The Civil War In Photographs by William C Davis (Carlton, £30)

THE Civil War was the bloodiest conflict in American history, killing and maiming more than half-a-million people.

It would be the greatest clash of arms of the 19th Century, destined only to be eclipsed by the European calamity of 1914.

In the east, it raged from Washington to Richmond, destroying communities and producing straggling lines of landless refugees. Westwards, the tragedy stretched as far as Texas.

But this four-year struggle was unlike any other war. For coinciding with the outbreak of hostilities in 1861 was a ground-breaking innovation - the advent of the modern camera.

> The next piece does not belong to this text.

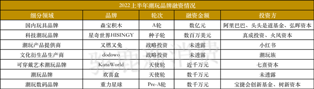 有意思的是,在泡泡瑪特股價(jià)遭遇大跌和在新消費(fèi)市場(chǎng)整體遇冷的大環(huán)境下,仍有大量資本流入潮玩市場(chǎng)賽道。根據(jù)駝鹿新消費(fèi)不完全統(tǒng)計(jì),2022年上半年國(guó)內(nèi)有7個(gè)潮玩品牌獲得融資,融資金額達(dá)到數(shù)億元。
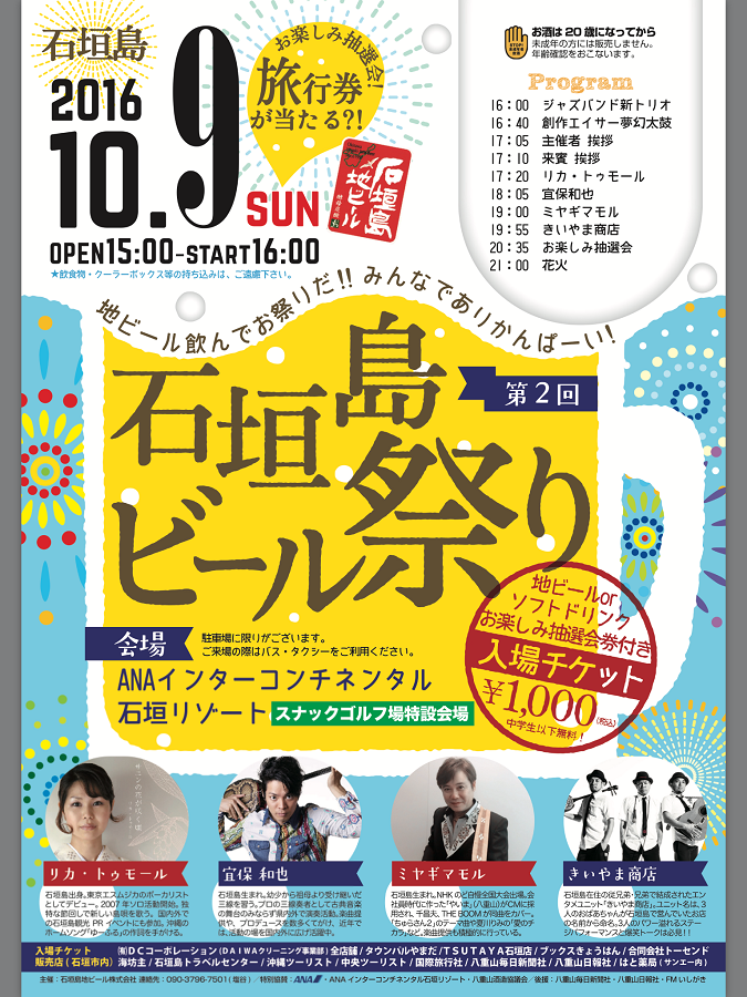 日本最南端のビール工場で誕生した「石垣島地ビール」を味わいながら、きいやま商店やリカ・トゥモール、宜保 和也、ミヤギマモルが出演する音楽ライブや、創作エイサー演舞、豪華商品が当たる抽選会などが楽しめるイベント。

Daguerre had invented a crude device earlier in the century, but it was the development of a new type of portable camera that revolutionised photography. Thanks to techniques employing glass frames, it became possible for photographers to accompany the armies as they went on campaign.

More than a million pictures were taken during the war and the several hundred images reproduced in this book provide a tantalising glimpse of a nation in turmoil.

This book provides a remarkably pictorial essay of those far-off times. It's all here, captured in stark black and white. There are fresh-faced soldiers - many hardly out of their teens - bound for the front, plus battlefield vistas with woods and fields, together with the obligatory shattered farm buildings.

The images are accompanied by a sharply-written text. But it is the pictures themselves that really tell the story in all its unfolding drama.